[Start of Attachment]

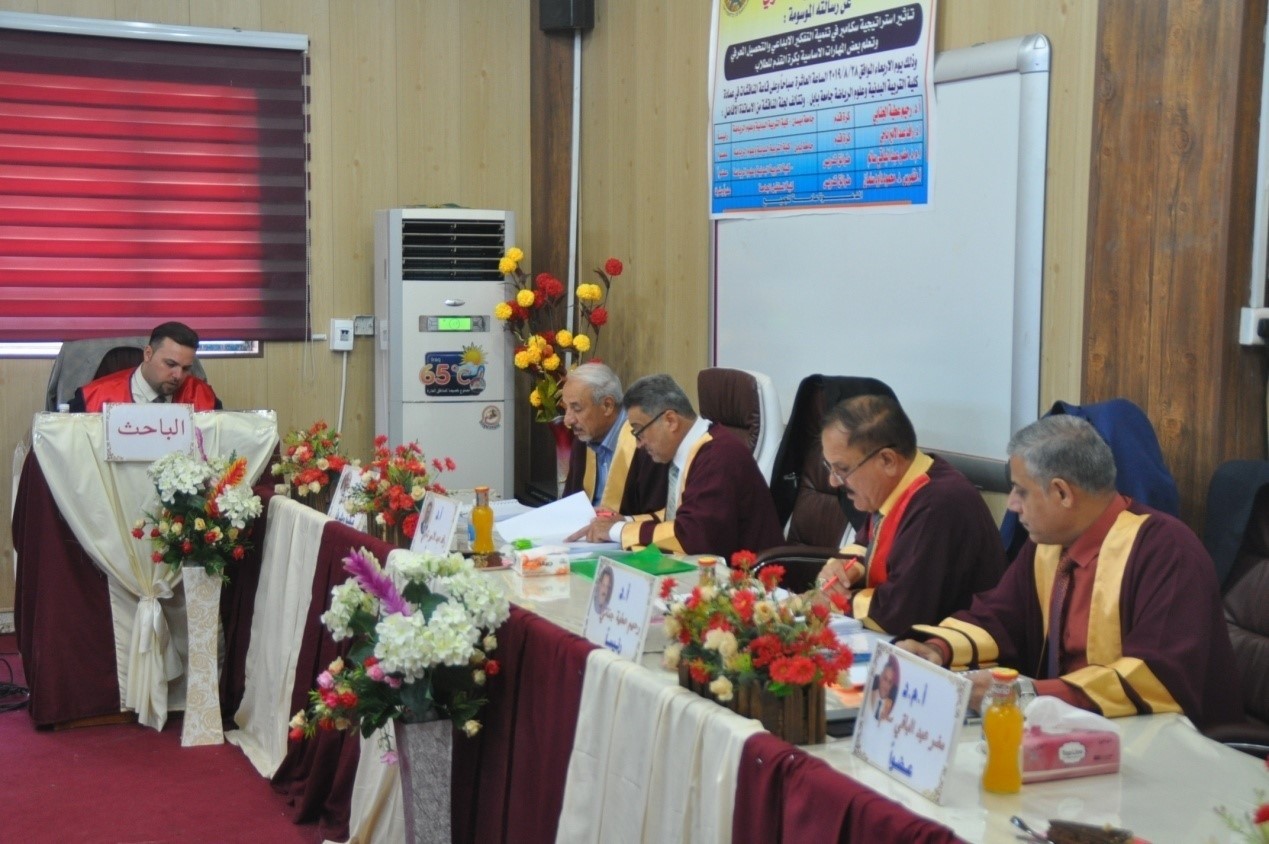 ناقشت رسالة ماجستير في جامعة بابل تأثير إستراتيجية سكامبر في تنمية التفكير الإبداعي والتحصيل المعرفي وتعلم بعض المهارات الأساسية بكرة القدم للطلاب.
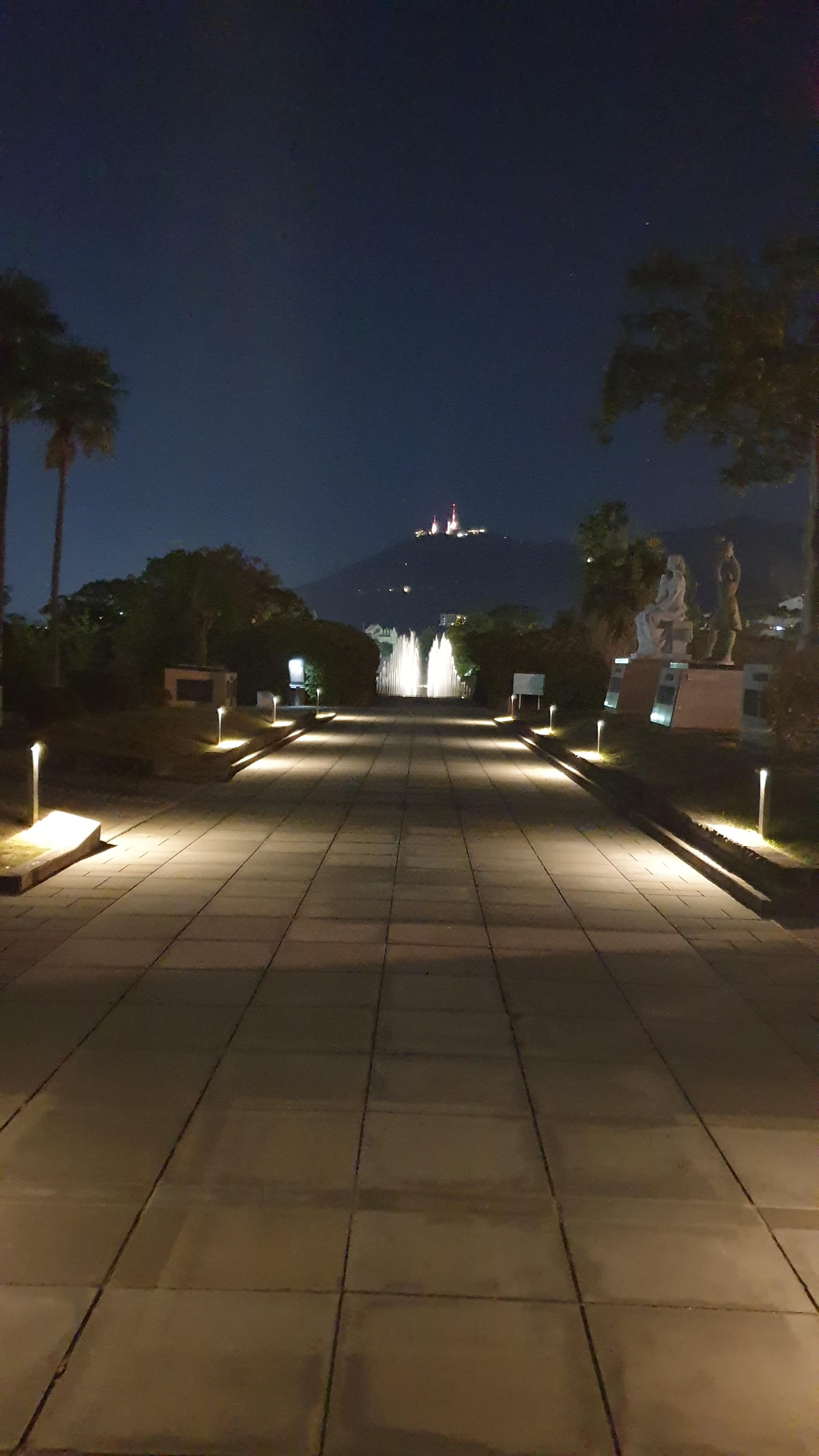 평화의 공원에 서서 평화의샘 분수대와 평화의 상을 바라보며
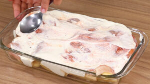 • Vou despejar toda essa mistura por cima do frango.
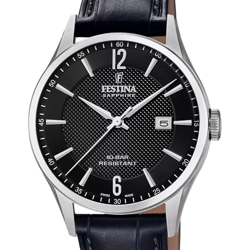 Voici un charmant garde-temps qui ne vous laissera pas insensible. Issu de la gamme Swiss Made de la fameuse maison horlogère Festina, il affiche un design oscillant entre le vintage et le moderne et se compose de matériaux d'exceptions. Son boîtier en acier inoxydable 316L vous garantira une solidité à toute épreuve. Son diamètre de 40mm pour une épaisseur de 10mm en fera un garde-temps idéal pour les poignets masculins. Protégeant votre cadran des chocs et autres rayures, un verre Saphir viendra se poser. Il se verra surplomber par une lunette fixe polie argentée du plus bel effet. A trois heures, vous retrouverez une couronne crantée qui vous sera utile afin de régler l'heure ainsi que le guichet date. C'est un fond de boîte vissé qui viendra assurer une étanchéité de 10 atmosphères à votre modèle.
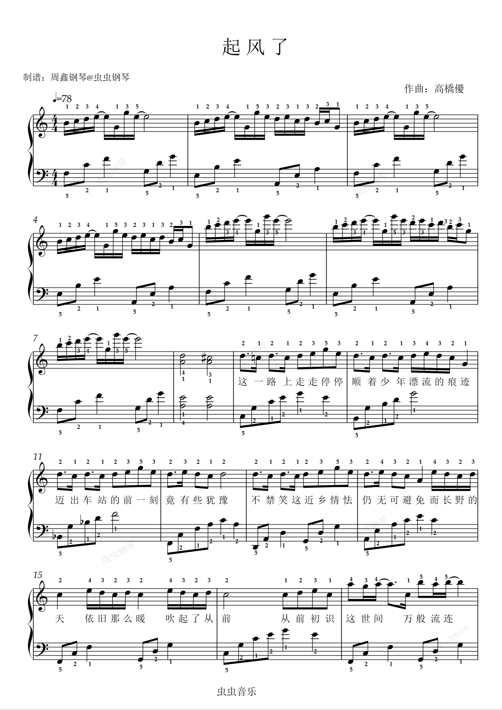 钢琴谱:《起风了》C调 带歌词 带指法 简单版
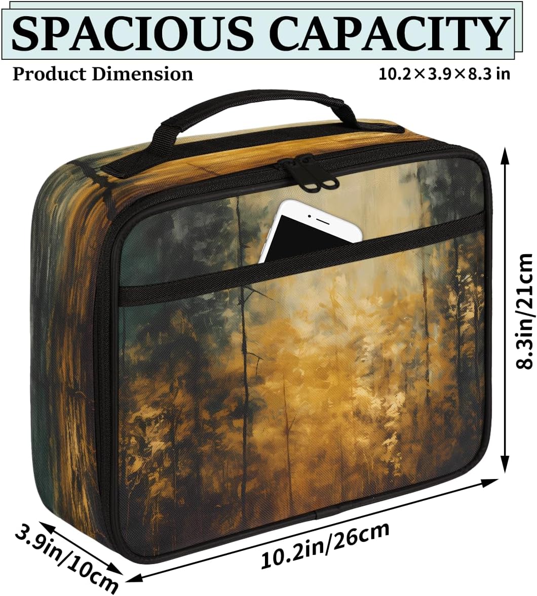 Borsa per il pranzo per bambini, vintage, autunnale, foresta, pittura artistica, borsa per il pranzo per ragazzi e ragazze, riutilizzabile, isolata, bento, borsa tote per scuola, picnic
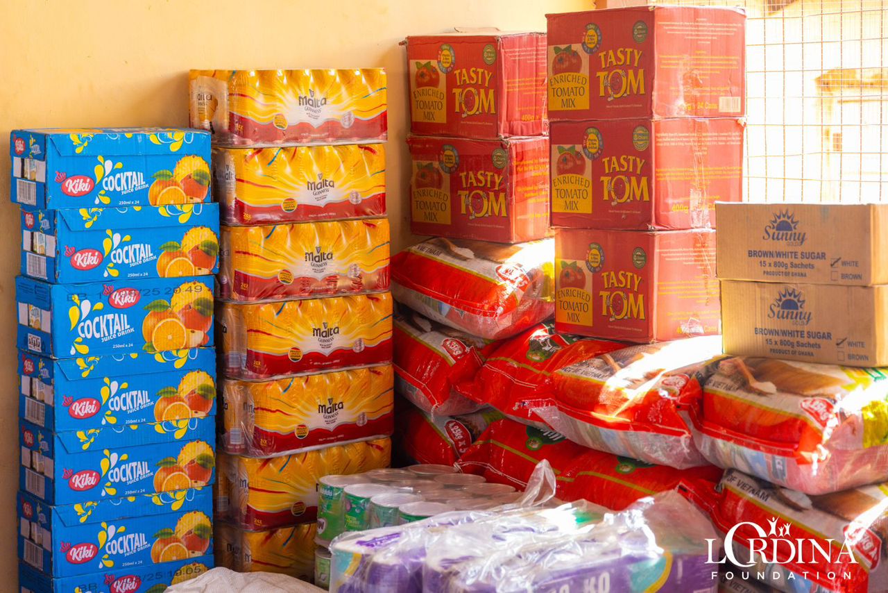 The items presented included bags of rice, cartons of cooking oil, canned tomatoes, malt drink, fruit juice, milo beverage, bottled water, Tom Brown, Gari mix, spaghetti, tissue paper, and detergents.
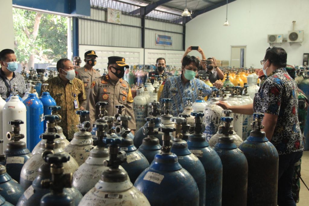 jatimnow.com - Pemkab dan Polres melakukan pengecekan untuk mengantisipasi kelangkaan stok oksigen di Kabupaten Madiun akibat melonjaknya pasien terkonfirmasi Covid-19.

[End of Attachment]

## Work required
Transcribe the material exactly, leaving every picture out.

## Task answer
 ناقشت رسالة ماجستير في جامعة بابل تأثير إستراتيجية سكامبر في تنمية التفكير الإبداعي والتحصيل المعرفي وتعلم بعض المهارات الأساسية بكرة القدم للطلاب.
 평화의 공원에 서서 평화의샘 분수대와 평화의 상을 바라보며
 • Vou despejar toda essa mistura por cima do frango.
 Voici un charmant garde-temps qui ne vous laissera pas insensible. Issu de la gamme Swiss Made de la fameuse maison horlogère Festina, il affiche un design oscillant entre le vintage et le moderne et se compose de matériaux d'exceptions. Son boîtier en acier inoxydable 316L vous garantira une solidité à toute épreuve. Son diamètre de 40mm pour une épaisseur de 10mm en fera un garde-temps idéal pour les poignets masculins. Protégeant votre cadran des chocs et autres rayures, un verre Saphir viendra se poser. Il se verra surplomber par une lunette fixe polie argentée du plus bel effet. A trois heures, vous retrouverez une couronne crantée qui vous sera utile afin de régler l'heure ainsi que le guichet date. C'est un fond de boîte vissé qui viendra assurer une étanchéité de 10 atmosphères à votre modèle.
 钢琴谱:《起风了》C调 带歌词 带指法 简单版
 Borsa per il pranzo per bambini, vintage, autunnale, foresta, pittura artistica, borsa per il pranzo per ragazzi e ragazze, riutilizzabile, isolata, bento, borsa tote per scuola, picnic
 The items presented included bags of rice, cartons of cooking oil, canned tomatoes, malt drink, fruit juice, milo beverage, bottled water, Tom Brown, Gari mix, spaghetti, tissue paper, and detergents.
 jatimnow.com - Pemkab dan Polres melakukan pengecekan untuk mengantisipasi kelangkaan stok oksigen di Kabupaten Madiun akibat melonjaknya pasien terkonfirmasi Covid-19.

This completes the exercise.